Regular backups are vital insurance against a data-loss catastrophe. Unfortunately, this is a lesson that most people learn only from bitter experience. Developing a solid backup plan requires an investment of time and money, but the cost is far less than the often-impossible task of recreating data for which no backup exists.

 

Files can be lost from your computer in any number of ways—you might accidentally delete a file, or a virus might wipe one out. You can also have a complete hard drive failure. When a hard drive dies an untimely death, it's kind of like having your house burn down. Important personal items are usually gone forever—family photos, significant documents, downloaded music, and more.Thankfully it's a really simple process these days to back up your content to a second, separate location. By doing so, your files can be protected against viruses or complete computer failure. This makes it easy to retrieve and place them on a new hard drive and get going again.

Today, there are many options for backing up your content. You don't need any sophisticated equipment—you can use CDs, DVDs, external hard drives, flash drives, network drives, or even online storage like Windows Live SkyDrive. It might be a good idea to back up your data to multiple places. For example, you might choose to back up your content onto both an external hard drive and to an online storage site.

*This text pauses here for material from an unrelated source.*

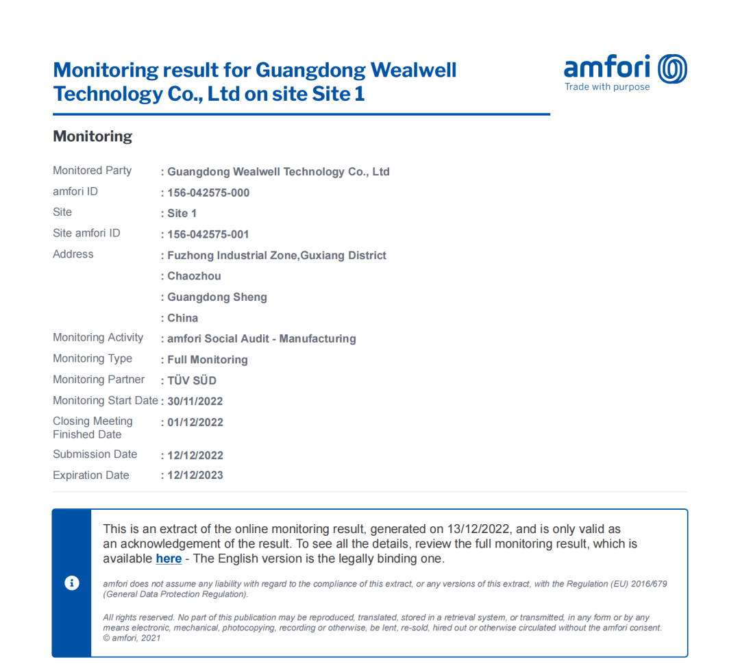 為開拓國際市場,進一步擴大貿易合作發展空間,廣東櫻井科技有限公司引入國際標準化管理體系,接受BSCI企業認證的審查,經過專業的文件資料審核、企業現場審核、員工訪談等一系列環節,于近日順利通過BSCI認證的審核。

  • Develop a is of all the folders and documents you need a backup
  • Select the most convenient backup tool. If you have a large set of data to backup an external hard drive is the best choice. For old or historic data you can use CDs, DVDs, this is data that you don’t use regularly
  • Select the software to help you manage the data backup. Windows comes with a backup tool, but there are other applications, (some for free) that can help you make a backup of all your files.
  • Define regular intervals to back up your data
  • Backup your data per schedule
  • Test the backup data to ensure the backup is complete and that you can access it.

By following these simple steps you will be able to have a backup process that will give you some piece of mind by knowing that all the information you worked so hard is now secure.